**Activity:** Nothing but the lines below from the one that contains "Camicia con colletto" through the one that contains "Koszula męska z" should be retyped, exactly and including both ends. Do not include pictures.

**Data for this exercise:**

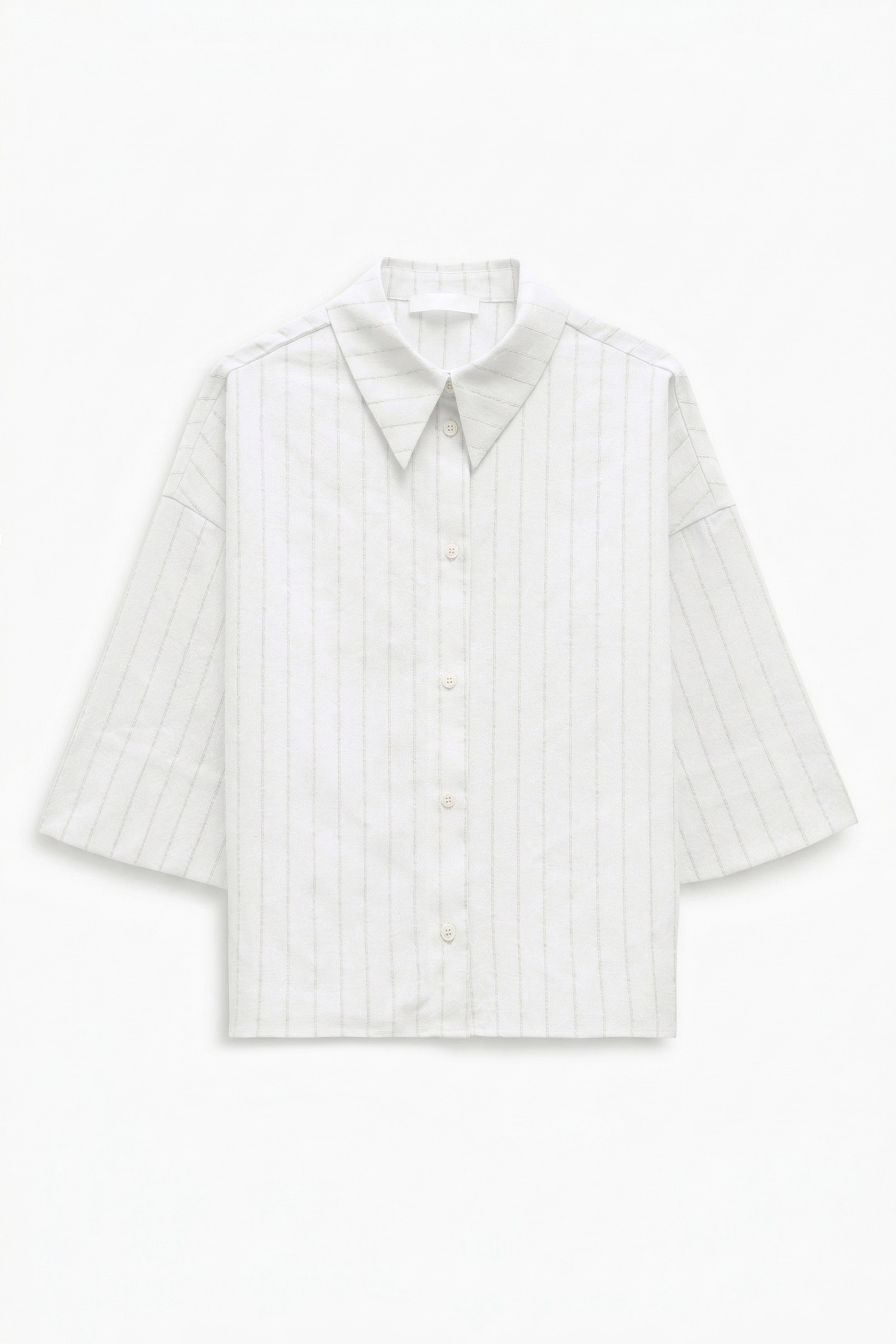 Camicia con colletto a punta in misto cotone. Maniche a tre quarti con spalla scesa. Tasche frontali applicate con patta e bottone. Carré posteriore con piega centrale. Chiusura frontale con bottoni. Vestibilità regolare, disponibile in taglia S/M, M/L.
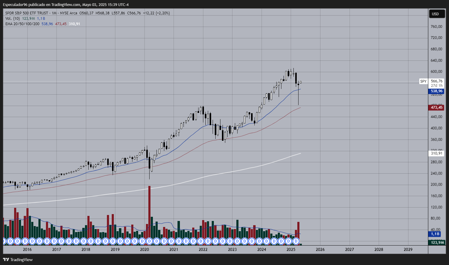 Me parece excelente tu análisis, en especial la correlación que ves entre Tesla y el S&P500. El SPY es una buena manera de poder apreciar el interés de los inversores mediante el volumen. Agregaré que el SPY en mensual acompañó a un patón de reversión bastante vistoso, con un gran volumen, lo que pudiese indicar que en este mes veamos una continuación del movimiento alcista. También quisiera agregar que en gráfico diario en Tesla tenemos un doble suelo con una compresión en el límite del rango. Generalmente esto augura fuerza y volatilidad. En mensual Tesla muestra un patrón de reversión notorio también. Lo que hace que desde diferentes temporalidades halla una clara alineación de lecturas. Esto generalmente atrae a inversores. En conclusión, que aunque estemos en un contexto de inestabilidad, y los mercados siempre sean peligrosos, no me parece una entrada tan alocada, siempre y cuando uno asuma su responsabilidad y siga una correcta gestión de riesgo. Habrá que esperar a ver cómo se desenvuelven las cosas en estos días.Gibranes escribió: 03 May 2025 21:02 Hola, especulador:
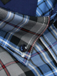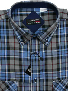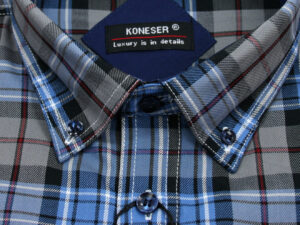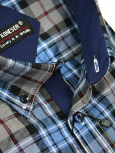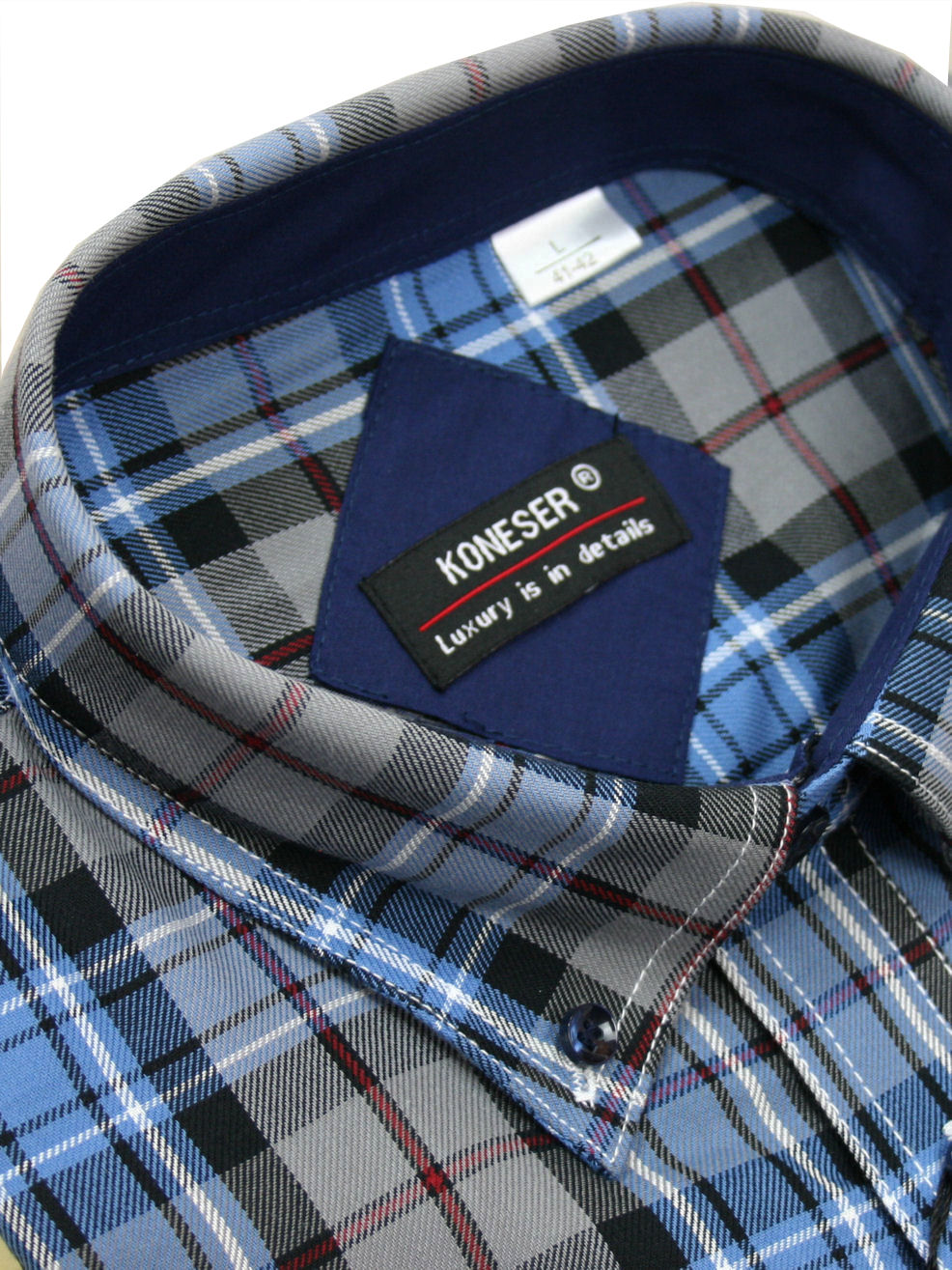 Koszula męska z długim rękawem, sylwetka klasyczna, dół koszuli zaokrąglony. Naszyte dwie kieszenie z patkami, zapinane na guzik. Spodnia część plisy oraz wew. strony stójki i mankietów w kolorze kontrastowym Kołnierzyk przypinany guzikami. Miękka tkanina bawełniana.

* * *

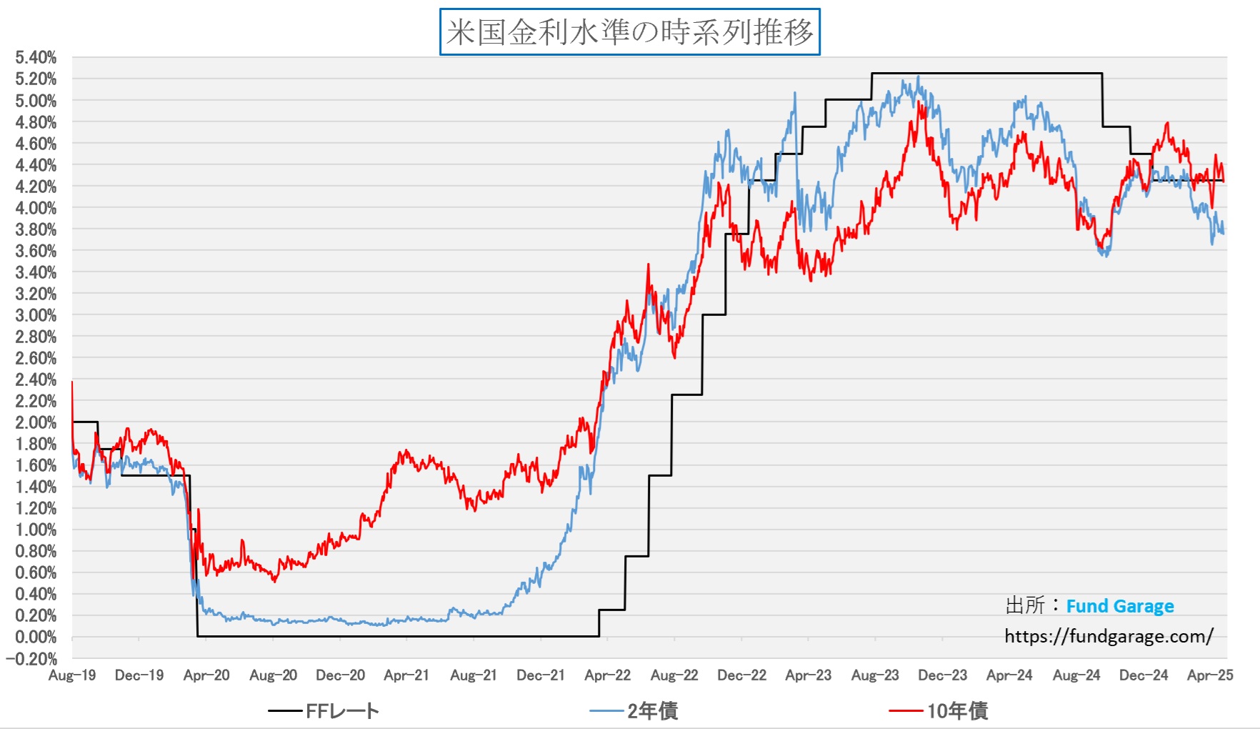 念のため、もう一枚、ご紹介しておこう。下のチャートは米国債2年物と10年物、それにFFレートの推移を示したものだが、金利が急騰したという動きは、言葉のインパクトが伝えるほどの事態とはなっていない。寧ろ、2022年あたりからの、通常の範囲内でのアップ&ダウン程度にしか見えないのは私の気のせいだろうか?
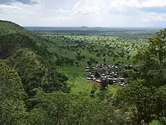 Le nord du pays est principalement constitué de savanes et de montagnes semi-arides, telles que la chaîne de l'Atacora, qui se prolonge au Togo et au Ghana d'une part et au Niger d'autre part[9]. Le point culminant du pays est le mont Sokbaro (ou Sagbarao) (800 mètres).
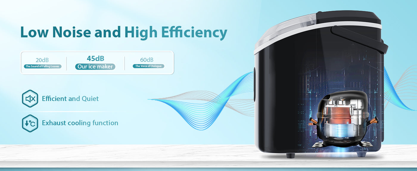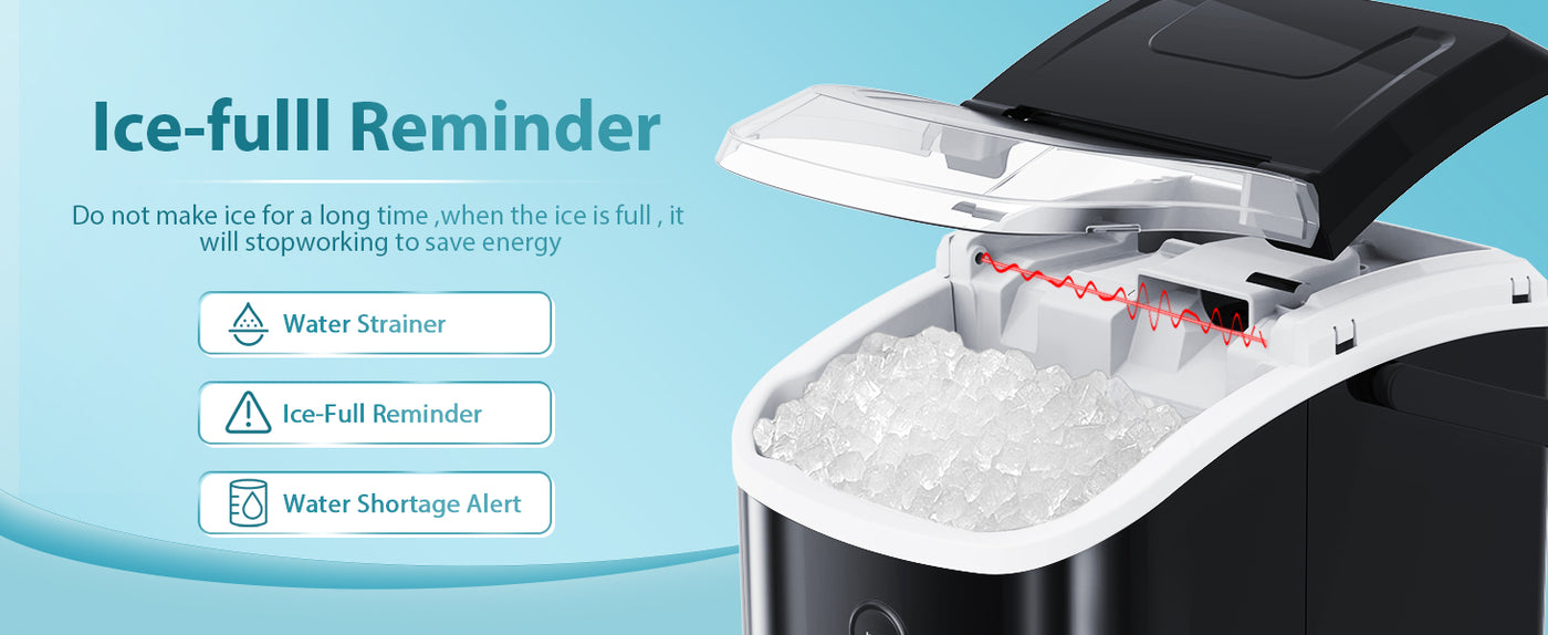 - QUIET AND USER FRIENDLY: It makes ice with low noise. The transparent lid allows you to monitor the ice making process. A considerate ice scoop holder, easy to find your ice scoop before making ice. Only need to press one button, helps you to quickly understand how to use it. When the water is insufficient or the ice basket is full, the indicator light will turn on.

* * *

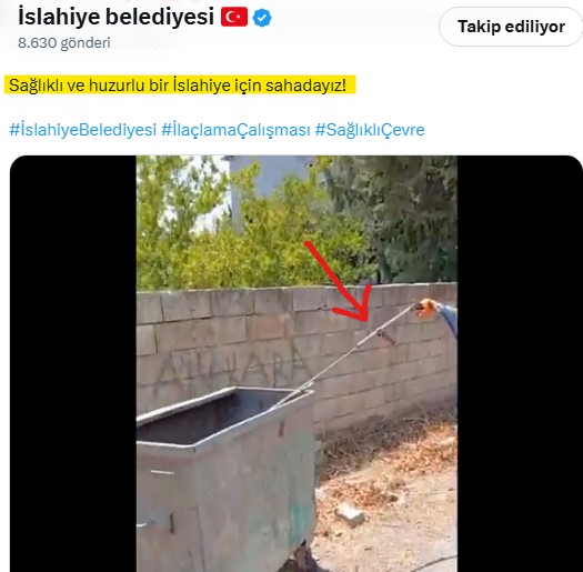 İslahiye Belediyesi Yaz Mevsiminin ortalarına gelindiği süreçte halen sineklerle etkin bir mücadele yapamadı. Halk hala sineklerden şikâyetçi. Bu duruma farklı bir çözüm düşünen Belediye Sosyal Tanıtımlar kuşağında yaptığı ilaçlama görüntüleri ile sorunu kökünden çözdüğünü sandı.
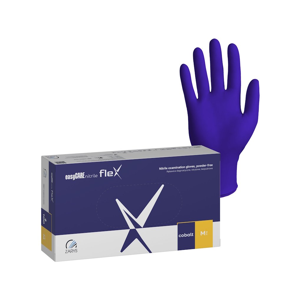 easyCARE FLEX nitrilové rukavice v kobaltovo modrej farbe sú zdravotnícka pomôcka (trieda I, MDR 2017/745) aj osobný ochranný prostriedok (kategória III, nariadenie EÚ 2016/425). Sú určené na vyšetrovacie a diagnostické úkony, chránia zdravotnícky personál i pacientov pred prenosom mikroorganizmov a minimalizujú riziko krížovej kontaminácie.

**Reply:**
 Camicia con colletto a punta in misto cotone. Maniche a tre quarti con spalla scesa. Tasche frontali applicate con patta e bottone. Carré posteriore con piega centrale. Chiusura frontale con bottoni. Vestibilità regolare, disponibile in taglia S/M, M/L.
 Me parece excelente tu análisis, en especial la correlación que ves entre Tesla y el S&P500. El SPY es una buena manera de poder apreciar el interés de los inversores mediante el volumen. Agregaré que el SPY en mensual acompañó a un patón de reversión bastante vistoso, con un gran volumen, lo que pudiese indicar que en este mes veamos una continuación del movimiento alcista. También quisiera agregar que en gráfico diario en Tesla tenemos un doble suelo con una compresión en el límite del rango. Generalmente esto augura fuerza y volatilidad. En mensual Tesla muestra un patrón de reversión notorio también. Lo que hace que desde diferentes temporalidades halla una clara alineación de lecturas. Esto generalmente atrae a inversores. En conclusión, que aunque estemos en un contexto de inestabilidad, y los mercados siempre sean peligrosos, no me parece una entrada tan alocada, siempre y cuando uno asuma su responsabilidad y siga una correcta gestión de riesgo. Habrá que esperar a ver cómo se desenvuelven las cosas en estos días.Gibranes escribió: 03 May 2025 21:02 Hola, especulador:
 Koszula męska z długim rękawem, sylwetka klasyczna, dół koszuli zaokrąglony. Naszyte dwie kieszenie z patkami, zapinane na guzik. Spodnia część plisy oraz wew. strony stójki i mankietów w kolorze kontrastowym Kołnierzyk przypinany guzikami. Miękka tkanina bawełniana.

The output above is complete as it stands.